И вот уже воющая толпа окружила центурию римлян, тыча в нее своими длинными фрамеями, швыряя горящие факелы, и тяжелыми мечами снося с древок острия пиллумов. А галлы теперь уже не могли помочь — все смешались в кучу, и невозможно было различить, где свой, где чужой. Тем более, что и на них устремились несколько сот германских воинов, и следовало подумать об обороне.

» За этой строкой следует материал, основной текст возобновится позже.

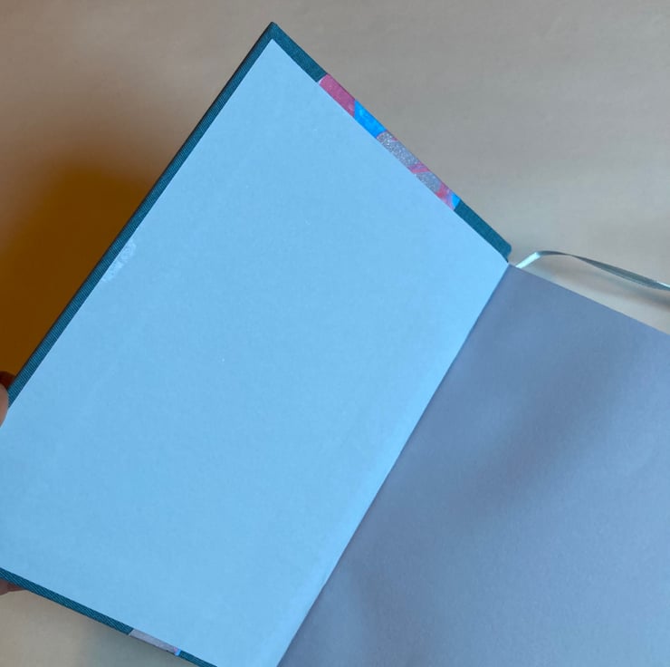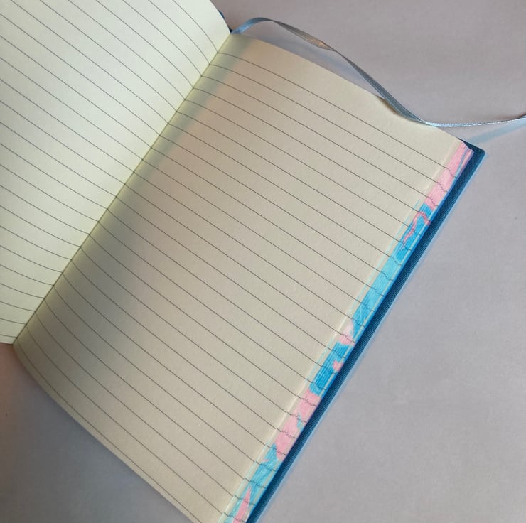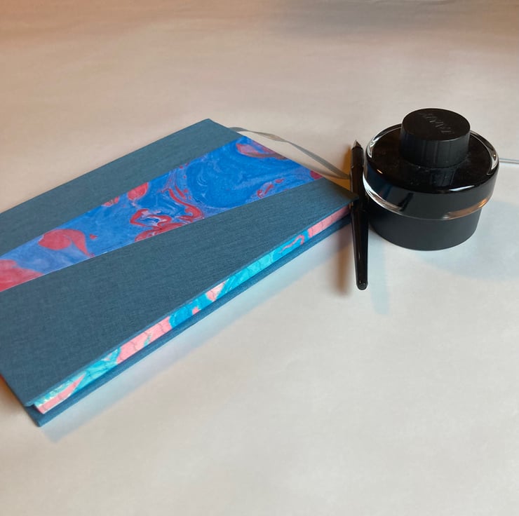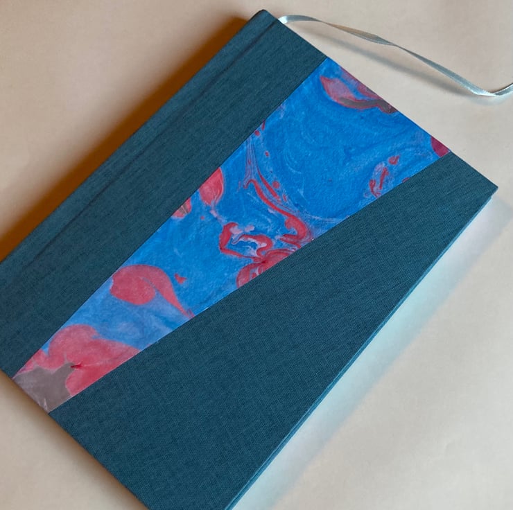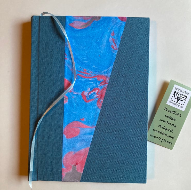 Made by hand at every stage, as all Willow Leaves books are, this lovely piece is covered in hand-marbled paper in vibrant blues and pinks and bound with soft-blue book cloth. I decided to marble the edges of the pages too! It is filled with cream lined paper and so it would make a great journal or the perfect gift for a writer or poet. It is A5 size (measuring 15 c 21 x 1.5 cm) and can fit into a bag or a spacious pocket.

Узкие кривые улочки деревни очень мешали правильному выполнению маневров, и римлянам ничего не оставалось, как только стать спиной к спине и отражать все новые и новые удары, молясь Марсу, чтобы скорее подошла помощь.
А две когорты под командой легата Сулъпиция Руфа были уже совсем рядом. Вестовые сообщили ему, что центурий Стоний повел своих людей, чтобы задержать варваров, и Руф, понимая, что те попадут в хорошую переделку, резкими словами подгонял солдат, заставляя двигаться на пределе сил.
Когда на горизонте показалось зарево, которое отбрасывали горящие дома, Руф подозвал к себе двух трибунов и приказал обойти селение с двух сторон и потом атаковать. Сам он — с тремя центуриями — собирался ворваться в поселок с ходу, чтобы помочь людям Авла Стония.
«А вскоре подойдет Домиций, — подумал легат. — И вот тут-то мы им покажем».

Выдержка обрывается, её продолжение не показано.